Les élections régionales auront lieu en mars prochain, la présidentielle en 2012, c’est dire si les appétits grandissent, si leurs combines politiciennes, leurs magouilles prennent de l’ampleur. Les « votations » de toutes sortes et leur utilisation en font partie.

 

« Le référendum a redonné des couleurs  et de la voix à la gauche » lit-on dans la presse, « la gauche qui avait le moral dans les chaussettes, s’est donné la preuve qu’elle était capable de se mobiliser » clame Mélenchon. Sérieux ça ?

 

Bref, pour certains « la votation » n’est qu’une façon de s’emparer du mouvement populaire pour le dévoyer une fois de plus.

 

Plus le mécontentement grandit plus ils vont manœuvrer pour s’accaparer les suffrages des salariés. On lit dans la presse depuis une semaine « une nouvelle forme de lutte apparaît dans le paysage politique français », ils dépeignent la « votation », le « référendum » comme la solution miracle.

 

Ces manœuvres ne mettent pas en danger le capital. Ce n’est pas de cette façon-là que les salariés et le peuple imposeront le changement fondamental qu’ils sont de plus en plus nombreux à vouloir.

 

De tout temps, le capital et le pouvoir à son service ont reculé, des changements ont été obtenus uniquement par la lutte anticapitaliste dans les entreprises, par le rassemblement du mouvement populaire dans la lutte. Cela a été le cas en 1936, en 1968, en 1995…

 

C’est la lutte de classe des travailleurs qui est décisive.
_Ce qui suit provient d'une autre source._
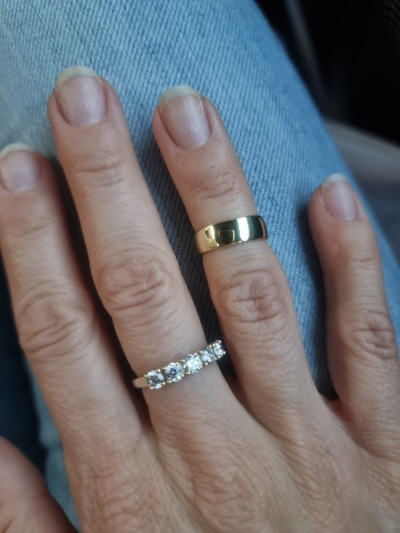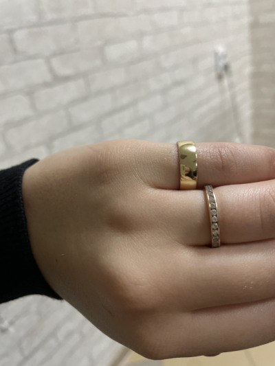 Давно хотела подобное кольцо на мизинец. Отлично подошло к аналогичным по дизайну серёжкам. Показалось, что маломерит на пол размера,наверное из-за широкой шинки. Выглядит как золото, даже если как в отзывах многие пишут пололота облезет, буду носить просто серебряное)

Tout le reste n’est que duperie et conduit le mouvement populaire à l’attentisme.

 

Oui il faut un service public nationalisé de la Poste, c’est la condition pour permettre son développement au service de la nation toute entière. Ce qui fera reculer le gouvernement, ce qui imposera un changement fondamental de politique, aujourd’hui comme hier c’est le combat sans ambiguïté contre le capital, à la poste comme ailleurs.

 

 

Quelques points d’histoire :

*1989 : Paul Quilès Ministre socialiste du gouvernement de gauche sous F. Mitterrand, décide l’éclatement des PTT. 1991 : France Télécom et  la Poste deviennent deux établissements distincts.

 

*1996 : F. Fillon Ministre de l’éphémère gouvernement Juppé fait voter la loi abolissant le monopole national de France-Télécom qui devient une société anonyme dont l’Etat français est  le seul actionnaire.

 

*1997 : le gouvernement de la gauche plurielle avec Jospin 1er Ministre, fait entrer la société France-Télécom en bourse.  Le gouvernement dont Strauss-Kahn est Ministre des finances décide l’ouverture de France-Télécom à la concurrence capitaliste.

 

*2004 : la privatisation de France-Télécom est faite.Le gouvernement de J.P. Raffarin sous Chirac cède une partie de ses actions pour passer au-dessous des 50%. France-télécom devient une entreprise privée.

 

*entre 1991 et 2009, tous les gouvernements de gauche comme de droite ont fermé massivement des bureaux de poste dans tout le pays. De 17.000, ils sont passés à moins de 11.000 aujourd’hui.

 

*dans le même temps 49.000 emplois ont été détruits.

 

*en 2008, la Poste a créé la Banque Postale. Elle a bénéficié du conseil de la Banque Rotchild pour modifier son statut.